A move to Surrey University in 1981 was the beginning of a steady upward spiral from Lecturer to Reader to Professor and Head of Department, culminating in 1994 in Professor Breakwell’s appointment as Pro Vice-Chancellor there. Not only did she successfully combine this role with that of the Headship of the School of Human Sciences, her academic activity continued undiminished, including the establishment of two new research centres.  Indeed it was at this time that she won the biggest ever Economic and Social Research Council grant for a five-year study of responses to Aids.

Mr Vice-Chancellor:  I have outlined an academic career of extraordinary breadth and impact.  A career that is sufficient in itself to merit the award we are conferring today.  But Professor Breakwell’s achievements go well beyond the academic. Testimony to this is her appointment in 2001 to the role of Vice-Chancellor - still a rare achievement for a woman – at the prestigious University of Bath. There she has already made a considerable impact.  Perhaps the most publicly visible of her achievements has been the rapid development of The University of Bath at Swindon, bringing to Wiltshire its first Higher Education institution.  Under her leadership too, the University of Bath has achieved the enormous distinction of being the first university football club to make it to the first round of the FA Cup for 122 years!

Professor Breakwell’s philosophy of life has been to keep many doors open in order to maximize her future options and flexibility.  It is a good strategy for such a multi-talented person as Glynis Breakwell since it has clearly worked. In this, she has been supported by a close family - including her father, who is here today and her partner and academic collaborator, Colin, whom she met when they were both undergraduate students.  In the few moments Glynis has free from official commitments, she still finds time for painting, tennis and squash, counting among her most significant achievements the distinction of having been part of a university staff side the only year that the staff beat the students at squash!

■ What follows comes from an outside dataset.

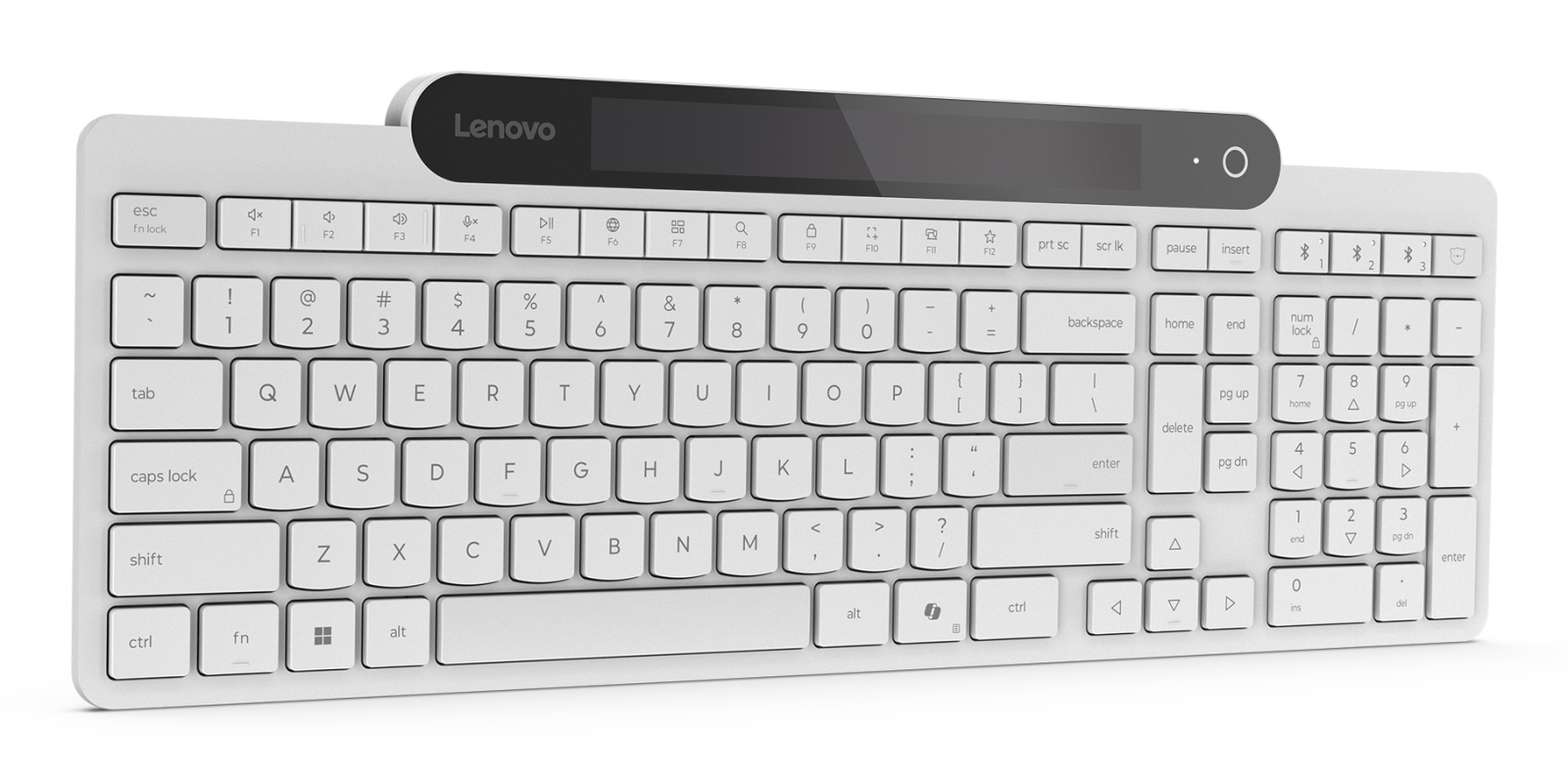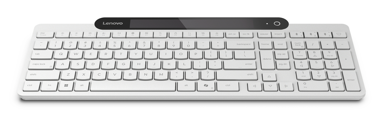 Lenovo 800. Keyboard form factor: Full-size (100%), Connectivity technology: Wireless, Device interface: Bluetooth, Keyboard key switch: Plunger key switch, Keyboard number of keys: 109, Recommended usage: Office. Product colour: White

Mr Vice-Chancellor, I have described to you the achievements of a scholar of enormous distinction. As well as making a profound contribution to her chosen scientific field, she has also made a real difference to the world on a scale that is given to very few academics. It is to be welcomed that the University of Bath has seen fit to recognise these achievements and to harness Professor Breakwell’s capacity to inspire and lead others in appointing her Vice-Chancellor.  It is equally appropriate that the University of Bristol should honour our distinguished academic neighbour today through the award of an honorary degree. 

Mr Vice-Chancellor, I present to you Professor Glynis Marie Breakwell, Vice-Chancellor of the University of Bath, as eminently worthy of the degree of Doctor of Laws, honoris causa.